# Curris 3000 plow install on 2006 F250



## krnlpanic (11 mo ago)

Hi all. I just bought a Curtis 3000 plow, with new truck-side wiring and controller. This is my first experience with a plow. I have the wiring diagrams, and that all seems fairly straightforward. What I'm wondering about is where to mount solenoids and relay packs, and how to pass the controller wiring through the firewall.

The connectors will come out on the driver-side bumper opening. Where do you all usually mount the under-hood equipment?

Pictures would be great. 

Thanks!


----------



## Randall Ave (Oct 29, 2014)

At the drivers side, look to the side of the brake master cylinder, you will see a knock out for the clutch master cylinder, go thru there, assuming you do not have a stick. Now you do realize that Curtis has been out of the truck snow plow buisness for a while.


----------



## krnlpanic (11 mo ago)

Randall Ave said:


> At the drivers side, look to the side of the brake master cylinder, you will see a knock out for the clutch master cylinder, go thru there, assuming you do not have a stick. Now you do realize that Curtis has been out of the truck snow plow buisness for a while.

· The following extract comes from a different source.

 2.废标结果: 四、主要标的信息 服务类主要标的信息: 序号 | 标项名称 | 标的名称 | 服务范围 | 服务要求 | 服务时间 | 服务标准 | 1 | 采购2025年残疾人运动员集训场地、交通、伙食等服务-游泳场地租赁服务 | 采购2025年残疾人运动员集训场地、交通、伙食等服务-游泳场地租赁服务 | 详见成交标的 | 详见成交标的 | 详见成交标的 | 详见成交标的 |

Yeah, I realized they stopped making truck plows back in 2015 when I started looking for a truck mount, a wiring harness and a controller. The controller is a handheld, not a stick. I probably should have done some research before buying this thing, but here I am now.

Thanks for the tip on the firewall knock-out!


----------



## Randall Ave (Oct 29, 2014)

You pop it out and drill a hole thru it, but then they got cheap and used a aluminum paper like cover. You mount the solenoid on the passenger side inner fender.


----------